Similar outbreaks of violence have been happening, below the national and global news radar, in towns and cities across Virginia.

In Fredericks­burg, the boyhood home of George Washington, there was an attempted firebombin­g of the police station. Officers deployed tear gas, and there was a standoff.

Virginia Beach, a holiday resort, saw 50 businesses attacked, rubbish bins set on fire, and police using tear gas. In Virginia’s capital, Richmond, a statue of Robert E Lee, the Confederat­e general, has been ordered removed by the Democrat governor after becoming a focal point for protest.

Asked if there was a growing “silent majority” for Mr Trump, one Manassas resident said: “Yes. The Left are saying the same thing, that the black community is the silent majority for the Democrats and going to vote in numbers. But I predict the Trump silent majority is bigger.

“I think Trump’s base is growing. People say, ‘Oh the protests are peaceful.’ They say that, until they’re at your front door stealing your stuff.

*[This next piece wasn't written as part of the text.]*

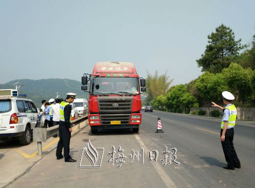 相關(guān)部門設(shè)卡對(duì)過往貨車進(jìn)行檢查。(圖片來源:梅州日?qǐng)?bào),李盛華 攝)

“The media claims Joe Biden is the leader in polls, but it’s just playing the same card as last time. Lie, lie lie.”

Mr Trump has his eye on Virginia, after losing by only five points to Hillary Clinton in 2016. Mrs Clinton had a Virginian senator, Tim Kaine, as her running mate.

The state was Democrat in 1964, but voted for Nixon’s law and order platform in 1968 and 1972.

As both parties’ strategist­s assess whether Mr Trump will be able to capitalise on the recent chaos the work of a Princeton professor has come to the fore, and suggests he can.

Prof Omar Wasow researched 137 protests that followed the assassinat­ion of Martin Luther King Jr in April 1968. He found that counties near where protests had turned violent swung by six to eight percentage points to Nixon. “There are people [moderate Democrats] who are turned off by Trump, but who have a strong taste for order,” he said.

However, Larry Sabato, director of the Centre for Politics at the University of Virginia, said the Nixonian “silent majority” was no longer there for Mr Trump to reach.

“There’s been a tremendous diversific­ation of the electorate since Nixon,” he said. “Back then, whites were 85 to 88 per cent of the voting population. Today, it’s 70 per cent.

“Trump’s not going to win over any Democrats like this. I just don’t think it will work.

“And Nixon wasn’t the incumbent. He was running against a Democrat administra­tion that had failed. Trump can’t blame Biden for the problems.”

However, Mr Trump’s campaign remains convinced there are millions of middle and working class Americans who did not vote in 2016, but might be persuaded this time.